Elvis is back! Well, Elvis Cole that is — sorry — couldn’t help myself! Cole and his quiet (but definitely-the-guy-you-want-to-have-your-back) partner, Joe Pike, help an old woman find her missing adult son, Josh. But it’s not just any old woman and not just any missing son. Adele Schumacher pays in cash, doesn’t trust phones, and talks about conspiracies and aliens as obvious facts. She has a couple of very buff “helpers” who follow her everywhere. And Josh is the controversial podcaster of In Your Face with Josh Shoe (with a listenership of approximately 20 people).

Laugh out loud funny, with plenty of action (the good kind where a lot happens and it happens quickly but we don’t have to suffer through long car chases or drawn out battles — ugh) and plenty of colorful characters. A fast and thoroughly enjoyable read. This is book 19 but you can really start anywhere — a few references to previous cases but nothing problematic.

Thank you to G.P Putnam’s Sons and NetGalley for providing an advance copy of this book in exchange for my honest review. The book will be published on Nov 1st, 2022.

Booth by Karen Joy Fowler (Fictionalized History)

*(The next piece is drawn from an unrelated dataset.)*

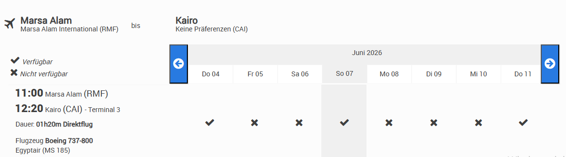 Nun kann ich die Verbindung leider nirgendwo finden, da das Leg RMF-CAI (MS185) nicht auftaucht. Laut Flugplan gibt es diese am 04.06.: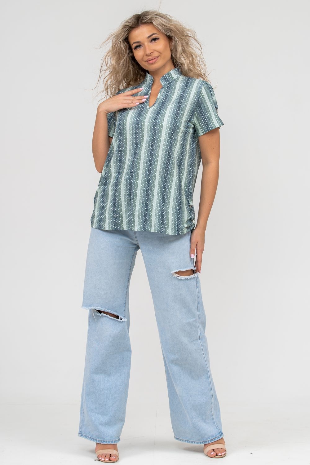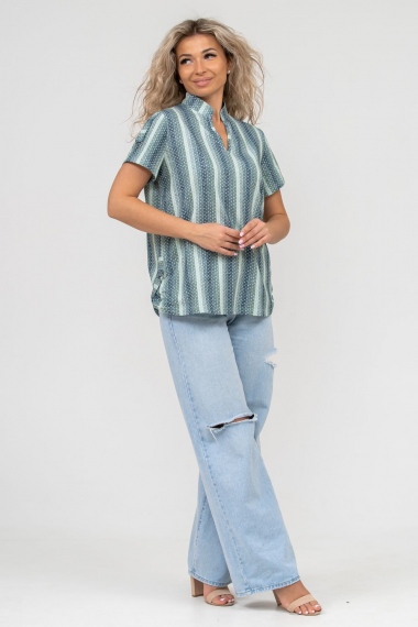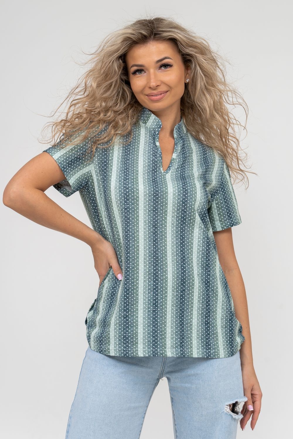 Женская туника-рубашка из 100% хлопчатобумажного полотна, сочетающая в себе всеми любимую полоску и не выходящий из моды горошек. Горловина с V - образным вырезом и воротником стойкой. Рукав и низ изделия с отделкой в виде полуколец, что делает тунику более привлекательной и по-своему красивой.

Writing: 4/5 Characters: 4.5/5 Plot: 4/5

What an unusual book. It is a fictionalized history of the Booth family from 1822 to 1865 when its most infamous member — John Wilkes — shot Abraham Lincoln. John Wilkes is kept as an important but minor character throughout until his action at the end tears everything apart. The story is told from the perspective of three of his siblings: “poor” Rosalie, the eldest daughter who remains a spinster family caretaker for life; Edwin, who becomes the leading tragedian of the 19th century; and Asia, the youngest daughter and eventual poet and writer.

Fowler is a fantastic writer — every book she writes is completely different and spans topics and genres easily. In this — her first fictionalized history — she brings the place and time to life in incredible physical, political, and every day life detail. Following their lives in rural Maryland, Baltimore, and later Philadelphia, New York, and then California (including a harrowing description of the trip across the 40-mile Panamanian isthmus, pre-canal) we are immersed in the attitudes and experiences of a very different time.

Fowler doesn’t modernize sentiments — we are treated to multiple attitudes towards women, immigrants, and slavery. Having read a lot about the time period, I found them to be accurate and comprehensive. As examples, the family’s patriarch — Junius Brutus Booth (a famous Shakespearean actor of the time) — didn’t like slavery but had two slaves; John Wilkes declaimed frequently on the value of slavery and the tyranny of the North; and various speeches (including Lincoln’s, Douglas’ and others) offer additional viewpoints.

I had to keep remembering I was reading a book which while novel-like had to adhere to actual history so while some details seemed extraneous to the plot, they were not extraneous to the lives of those living through them. For me it was a bit of a slow start — I let myself be unhappy that I was having to read a book about someone I did not want to know more about and of course, knowing what happens at the end, I had a kind of dread creeping up on me. However, if you can avoid the kinds of destructive thoughts I was having, it really is gripping reading, and the assassination and aftermath actually takes up a very small part of the end of the book.

Thank you to Penguin Group Putnam and NetGalley for providing an advance copy of this book in exchange for my honest review. The book will be published on March 8th, 2022.